Accurately capturing the interplay between microbiology, geochemistry and physical subsurface properties and processes is critical to understanding and predicting ecosystem processes
However, each of the approaches described above requires substantial manual effort to implement for a single site, which makes them challenging to scale. The challenge of scaling these approaches limits the ability to rapidly develop models obtain the associated understanding for many sites. An alternative approach (proposed and demonstrated here) is to use an approach which allows for automation.
Specifically, in our workflow, we use KBase (a cloud-based software platform for systems biology (Arkin et al., 2018)), to automatically generate draft metabolic models from annotated metagenome assembled genomes (MAGs) extracted from environmental samples. These metabolic models can be used (still in KBase) to perform flux balance analysis (FBA) on different media compositions. These media compositions are informed by metabolomics and other site-specific chemistry data. The output of the FBA can be used in RTMs (such as the RTM PFLOTRAN (Mills et al., 2009; Hammond and Lichtner, 2010; Gardner et al., 2015), which we use in this work). PFLOTRAN is an open source, massively parallel reactive transport code which supports multi-phase (e.g. aqueous, gaseous), multi-component (multiple chemical species) and multi-scale (e.g. pore or macroscale) simulation of contaminant transport in porous media, as well as includes a basic implementation of microbial reactions modeled by Monod kinetics.

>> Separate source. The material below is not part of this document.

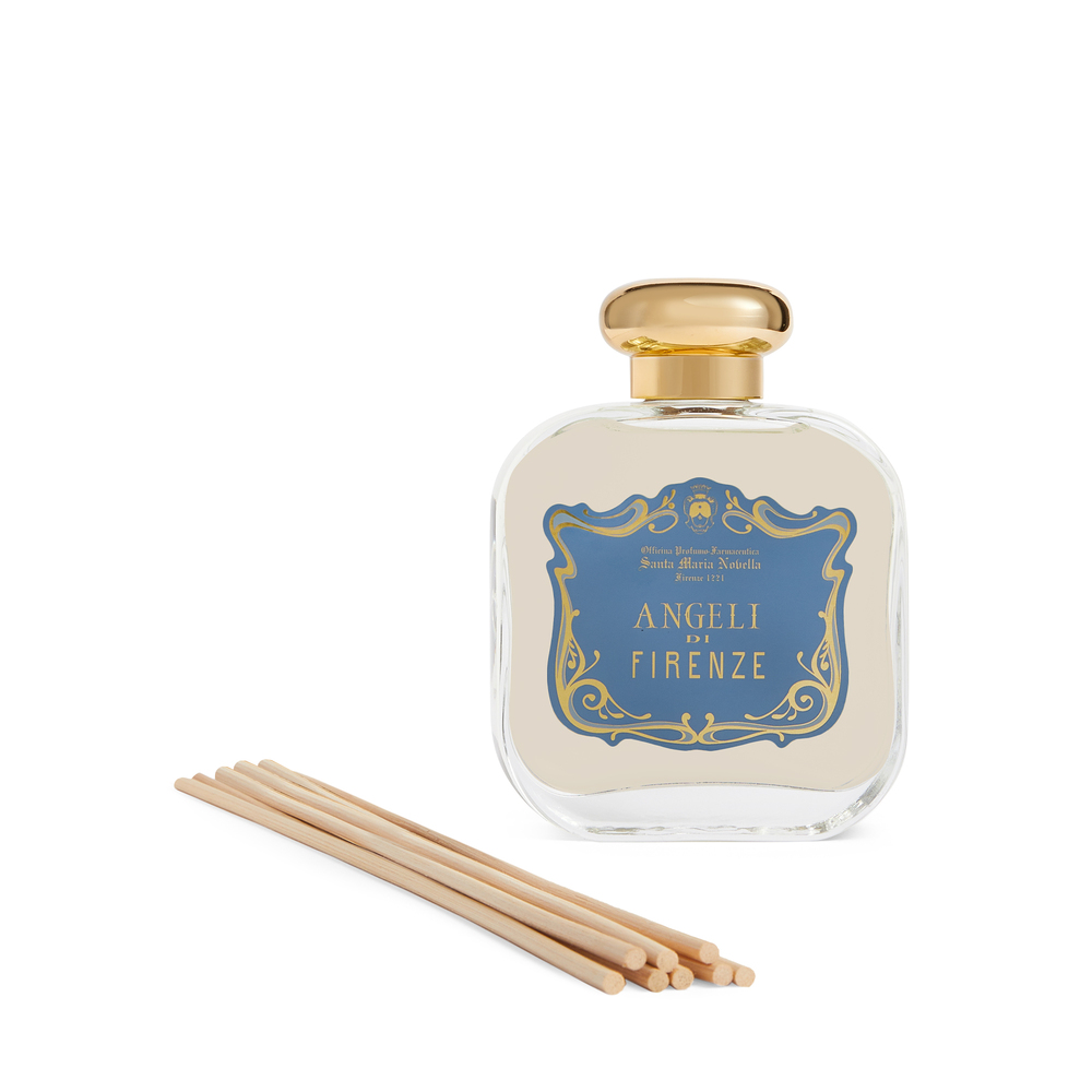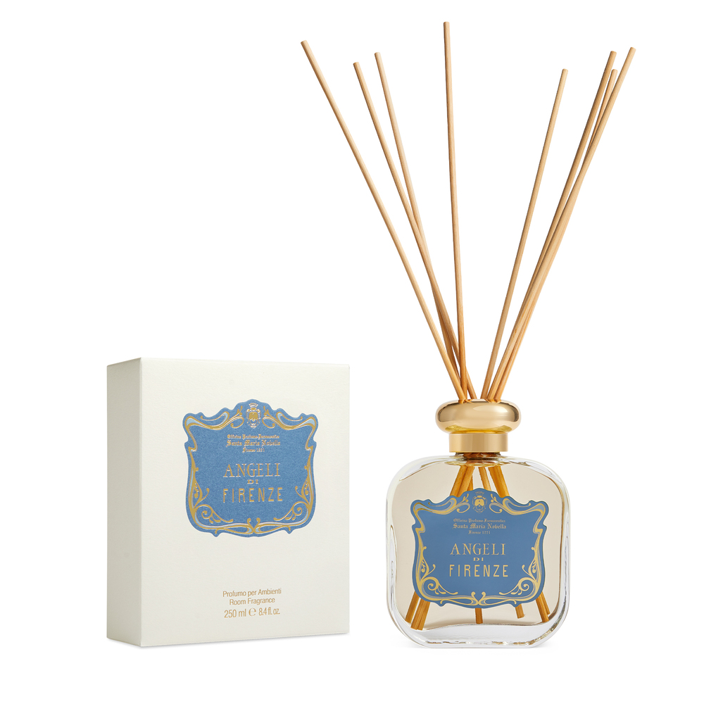 From the exclusive Firenze 1221 Edition and its precious artefacts, the Room Fragrance Diffuser Angeli di Firenze preserves the exquisite glass bottle with the Officina monogram, the golden cap, and the finely engraved label.The package contains 8 wooden sticks.

One major benefit of PFLOTRAN is that users can implement custom reactions or kinetics through the Reaction Sandbox (Hammond, 2017). Our workflow, called ‘Omics to Reactive Transport (ORT) (Fig. 2), thus captures both microbial metabolisms based on environmental samples (using KBase) and macro-scale hydrologic and geochemical processes (using PFLOTRAN). In the remainder of this article, we present the concept and implementation of this workflow.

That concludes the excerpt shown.